A retired police officer who linked the Philippine president, when he was mayor of a southern city, to hundreds of extrajudicial killings in a local anti-drug crackdown said on Thursday that he is ready to testify in domestic and international courts and help authorities gather evidence.
Arturo Lascanas told reporters that the campaign he and others allegedly conducted on orders of then-Davao City mayor Rodrigo Duterte was “95 percent” similar to the bloody anti-drug crackdown currently unfolding across the Philippines under Duterte, now president.
The nationwide crackdown, which has left thousands of mostly poor drug suspects dead, has alarmed the US and other Western governments and UN human rights officials.
US-based Human Rights Watch has said Lascanas’ allegations linking Duterte to past killings heighten “the urgent need” for an independent UN investigation.
Lascanas, 56, linked Duterte to the Davao killings in testimony at a nationally televised Philippine Senate inquiry this week.
Last year, Lascanas, then still an active police officer, denied under oath any knowledge of or involvement in the Davao killings in an earlier Senate inquiry.
On Monday he told the Senate that he lied last year because he was afraid for his family.
Philippine Senators, including some Duterte allies, expressed doubts about his new allegations amid his turnaround.

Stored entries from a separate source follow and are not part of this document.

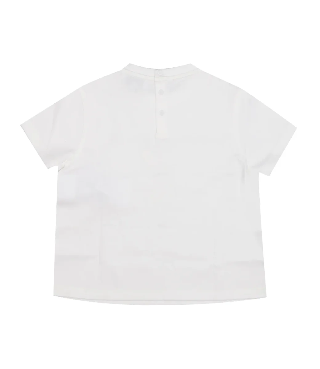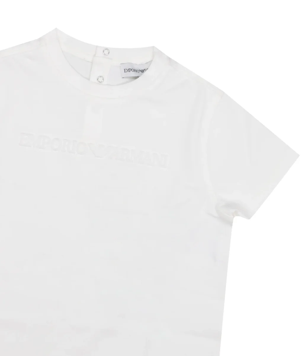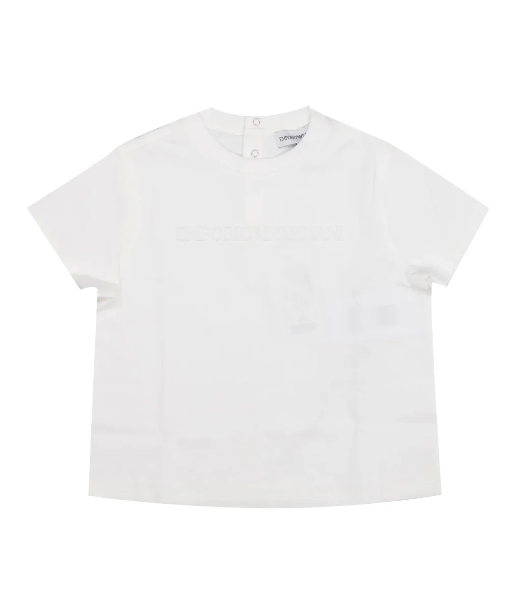 T-Shirt Emporio Armani Junior in cotone bianco, girocollo, maniche corte, chiusura sul retro del collo con bottoncini automatici tono su tono, orlo dritto.
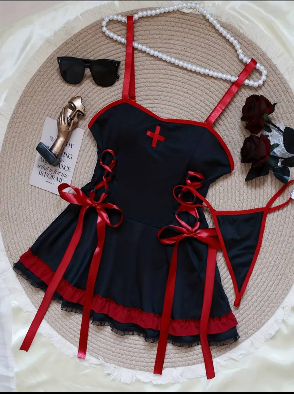 کاستوم پرستاری همراه با شورت و تل سایز لارج مناسب 36تا40 سایز ايکس لارج مناسب 42 تا 44
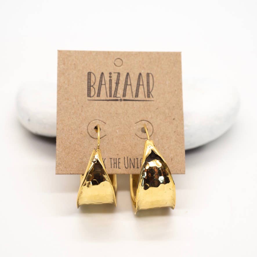 Discover the allure of the Brass Thick Hammered Hoop from Baizaar. These hoops are meticulously crafted by skilled artisans in India and Thailand, embodying a blend of traditional and innovative designs. Made from high-quality brass, these earrings offer a robust and stylish appeal. As part of Baizaar's fair trade practices, each purchase supports the artisans and their craft.
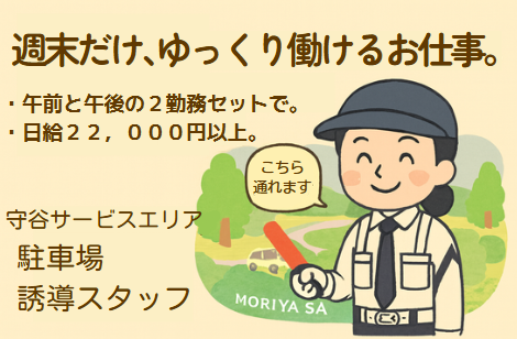 仕事内容 ━━━━\\レア案件×高収入//━━━━ \守谷SA 駐車場 誘導スタッフ募集/ ―――――――――――――――――― ★土日祝・大型連休だけの勤務OK★ 午前+午後の“2現場セット勤務”で日給2.2万円超! 「学業や本業がない日に集中して稼ぎたい」 そんな働き方にぴったりです◎ ━━━━━━━━━━━━━━━━━━━ 【仕事内容】 守谷サービスエリアの駐車場にて、来場者の安全な通行をサポートしていただきます。 「こちら通れます」「お気をつけてお進みください」などの声かけとともに、車両や歩行者の流れを安全に保つ業務です。 ▶ 午前(下り)・午後(上り)の2現場連勤で1日しっかり勤務。 →「体を動かすのが好き」「集中して働きたい」という方にぴったり! 混雑時もチームで声を掛け合いながら対応するため、未経験の方も安心してスタートできます。 【スタッフの声】 ▶ 「1日10時間って大変かな…と思ってたけど」 → 午前と午後でメリハリがあるので、思っていたより早く感じます! (30代/フリーター) ▶ 「警備ってちょっと堅いイメージがあったけど…」 → 実際は声かけや誘導など“人と関わる”あたたかい仕事でした。 (20代/学生) ▶ 「副業で探してたけど、土日だけでこれだけ稼げるのはレアでした」 → 週1〜2日でも、1回で2万円以上はありがたいです! (30代/会社員) ▶ 「混雑したときどうなるんだろうって心配だったけど」 → チームで分担して動けるので、自分1人で抱えることはありません◎ (40代/主婦) 週末や連休だけの“集中シフト”で、しっかり稼ぎながら人の役に立つ仕事。 あなたも、守谷SAを一緒に支える仲間になりませんか?
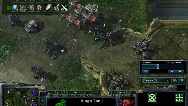 A Starcraft 2 commentary between Axslav playing as protoss and qxc playing as terran on the map Steppes of War.
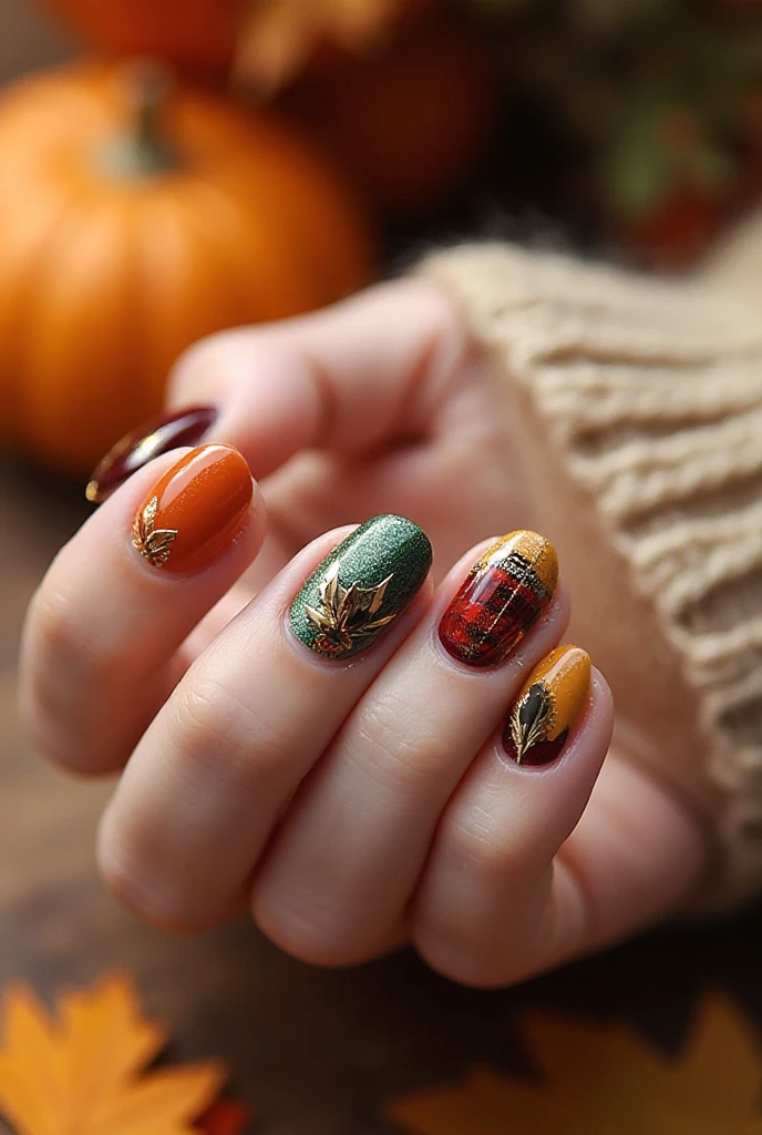 If you think only long nails can look glamorous, think again. Short nails can pull off gorgeous designs that feel fresh and trendy for fall. Try metallic foils, plaid prints, or glossy jewel tones to create luxurious looks.

Philippine presidents are accorded immunity from lawsuits, but critics have said the claims made by Lascanas could be used in an impeachment complaint or when Duterte steps down from office.
Duterte has denied condoning unlawful killings, but has repeatedly threatened drug lords and dealers with death in public speeches.
“There is no destroying if there is no killing,” Duterte said in a speech in Davao City late on Thursday, adding that he only ordered police to shoot back when threatened and that he is ready to go to jail for his men.
Lascanas said he is ready to testify in an international investigation or in a local court against Duterte and others allegedly involved in the killings in Davao, where he estimates about 300 drug suspects were killed by his group alone over more than two decades, starting when Duterte became mayor in the late 1980s.
A few years after his group of police officers, former communist rebels and other gunmen launched the killings in Davao, about nine other similar bands of assassins, collectively known as the “Davao Death Squads,” were formed in many districts of the city, considerably inflating the death toll, he said.
“My testimony is very incriminating to me,” said Lascanas, who added that he is ready to be convicted or even lose his life for involvement in the killings of about 150 of the 300 people gunned down by his group of about 50 hit men.
“It will have no relevance if I will not expose this to the whole world and it won’t get acted upon so ... this will no longer happen again to the next generations of police and local government units,” he said.
Lascanas said that the Philippine Ombudsman, who prosecutes government officials accused of corruption and other crimes, has asked him to submit an affidavit of his allegations against Duterte.
Lascanas said he could lead investigators to places where he and his group buried some of their victims.
He said some officials might try to dig up the bones to protect Duterte, but that he and a few other killers were the only ones who knew some of the burial sites in the vast area.
He said the Davao crackdown initially targeted drug suspects and criminals, but the targets later included Duterte’s political opponents and critics, including two radio commentators.
As an insider who saw how the Davao crackdown spun out of control, Lascanas said that a disaster awaits the country if the current killings are not stopped.